Women were the driving force that allowed Democrats to recapture the House of Representatives in November of 2018, and in January they helped elect Nancy Pelosi as their Speaker. A record 102 women served in the House this year, comprising 23.4% of its voting members. More than a third of those women [35] served for the first time in 2019. And they have played a large role in one of the most productive House sessions in history, passing bipartisan legislation to protect "Dreamers", lower prescription drug prices, enact election reform, protect people with preexisting conditions, support NATO, and enhance criminal background checks for gun purchases, among hundreds of others.
Mitch McConnell has bottled up many of those bills in the Senate, but it's a good reminder of what Congress can accomplish if it's focused on doing the people's business. And, the glue that held House Democrats together, and even enlisted the support of some House Republicans, was Nancy Pelosi.
Nancy Pelosi: The Speaker of the House had a good year. Pelosi began the year by facing down the President in an Oval Office meeting and ended it with his impeachment. In between, she held her caucus together to pass important legislation while fending off [with style] constant attacks from Donald Trump, who has been fixated on her for months. She was the right person to lead the House at this critical juncture in American history.
The Guardian: “She is, thank God, the exact right person in the right place at the right time,” said Leon Panetta, a former defense secretary and CIA director and a California native who’s known Pelosi for decades. “I’m not sure anybody else would have had the experience or capability to be able to do what she has done.” ...
... "In the last year, Pelosi has guided her factious congressional caucus through the choppy waters of Trump’s presidency. Like a political grandmaster of three-dimensional chess she quelled an insurrection to reclaim the gavel, engineered the end of the longest government shutdown in US history, and impeached the president, all while averting another shutdown and negotiating with the White House on a trade deal with Canada and Mexico."
Fortune: ... "Says Debbie Walsh, director of the Center for American Women and Politics at Rutgers University: “She’s a constant reminder that women are tough enough and strong enough to lead at the highest levels.”
Pelosi isn't the only woman that will be remembered for her strength in 2019, nor the only one to make important political statements.
Megan Rapinoe: Megan Rapinoe led the US Women's soccer team to victory in the World Cup in 2019 and was named the team's MVP. She will also be remembered for her outspoken support for Colin Kaepernick, equal pay and LGBT rights, and, of course, her feuds with Donald Trump.
Washington Post: "Since then, she has become increasingly active and feuded publicly with President Trump, declaring that she would not visit him in the White House after the U.S. team repeated as World Cup champion last summer. Rapinoe has also championed LBGTQ rights as well as joining the U.S. team in its lawsuit against the U.S. Soccer Federation for equal pay."
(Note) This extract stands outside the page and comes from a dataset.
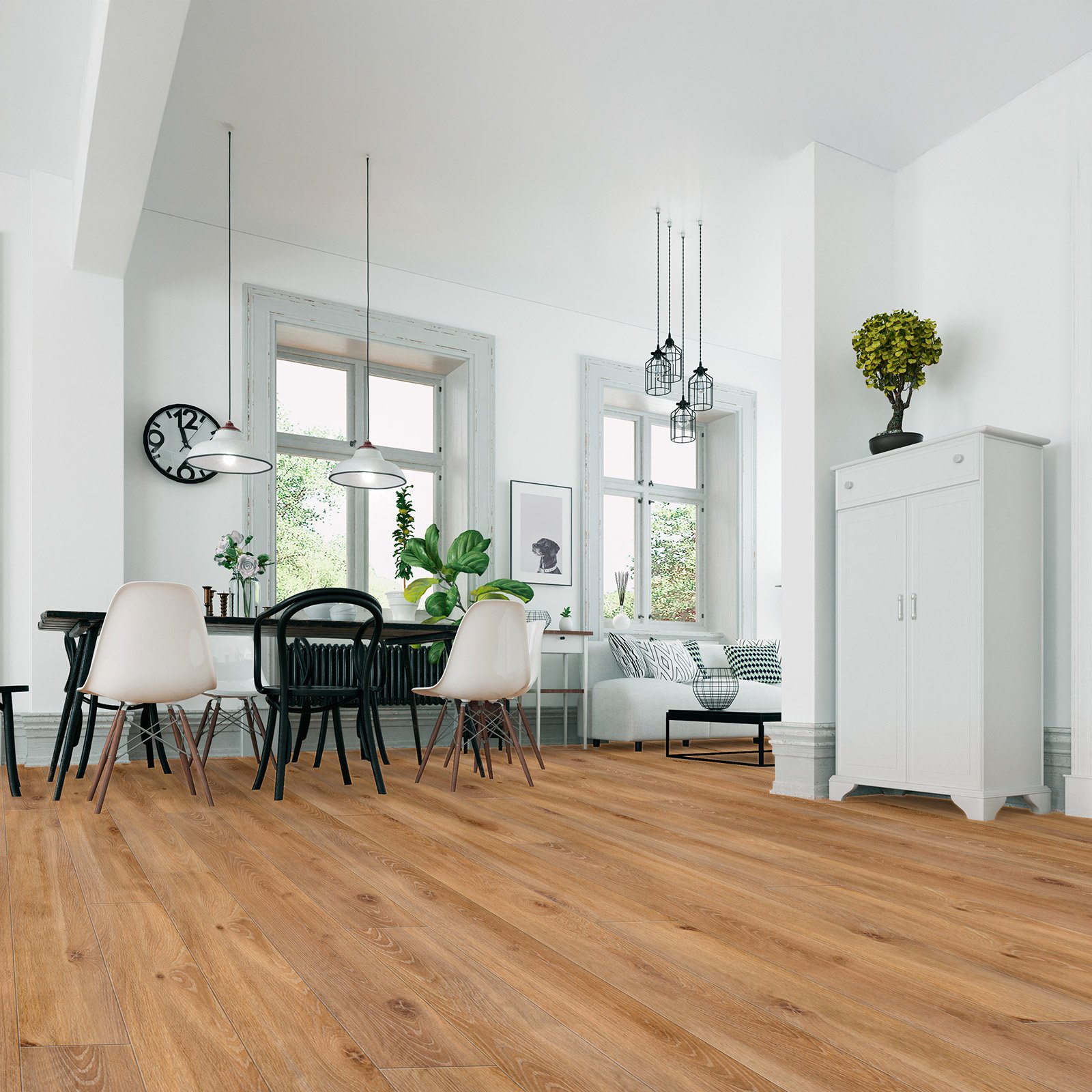 Panele laminowane marki Weninger to synonim trwałości, estetyki i nowoczesnych rozwiązań technologicznych w aranżacji wnętrz. Dzięki wyjątkowej dbałości o detale i wiernemu odwzorowaniu naturalnego drewna, podłogi tej marki doskonale komponują się zarówno z klasycznymi, jak i nowoczesnymi przestrzeniami, wnosząc do pomieszczeń ciepło oraz elegancję. Laminowana powierzchnia paneli charakteryzuje się wysoką odpornością na ścieranie i zarysowania, co sprawia, że są one idealnym wyborem do miejsc o średnim i wysokim natężeniu ruchu – zarówno w domach, jak i w lokalach użytkowych.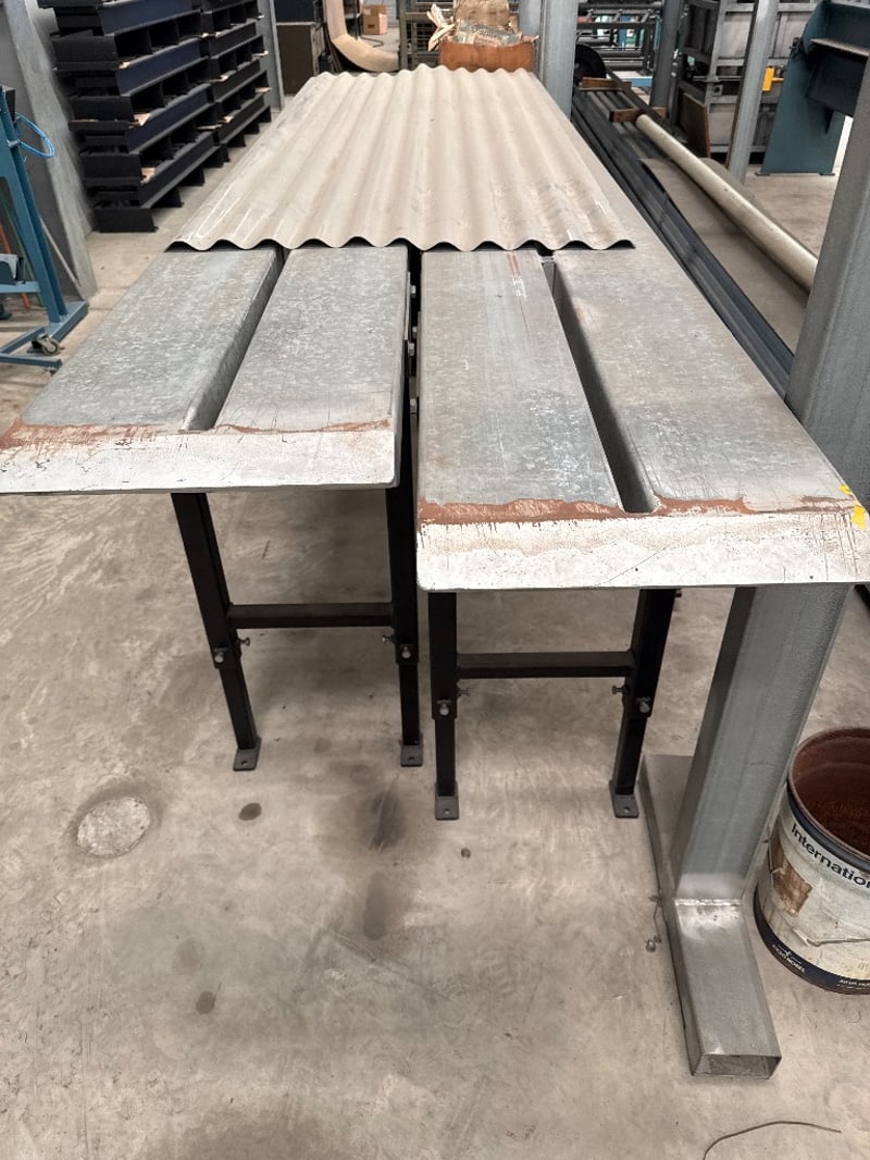 Metal Sawhorses + Galvanised Sheeting Table Setup

And, on December 9th she was voted 2019's "Sportsperson of the Year" by Sports Illustrated.
Sports Illustrated: "Playing the world’s game, on the world’s stage, under attack by a world leader, she dominated. And in doing so without fear, Megan Rapinoe became a voice for so many across the world."
Greta Thunberg: 2019 might very well be remembered as the year that a young Swedish climate activist changed the world. Greta Thunberg has become a rock star among environmentalists, a force to be reckoned with, because she speaks truth to the powerful forces that seek to obfuscate the climate crisis that threatens to wreak havoc in the coming decades. Her voice, her message, might be the spark that ignites a new global environmental movement in the 2020s. And, for her efforts, Time Magazine named her their "Person of the Year." It's a richly deserved award.
Time: "Thunberg began a global movement by skipping school: starting in August 2018, she spent her days camped out in front of the Swedish Parliament, holding a sign painted in black letters on a white background that read Skolstrejk för klimatet: “School Strike for Climate.” In the 16 months since, she has addressed heads of state at the U.N., met with the Pope, sparred with the President of the United States and inspired 4 million people to join the global climate strike on September 20, 2019, in what was the largest climate demonstration in human history. Her image has been celebrated in murals and Halloween costumes, and her name has been attached to everything from bike shares to beetles. Margaret Atwood compared her to Joan of Arc. After noticing a hundredfold increase in its usage, lexicographers at Collins Dictionary named Thunberg’s pioneering idea, climate strike, the word of the year."
These three women deserve our thanks and deep respect. All three suffered repeated attacks by Donald Trump and conservative media outlets throughout the year, proof that they stood for something more enduring than short-term political or personal gain.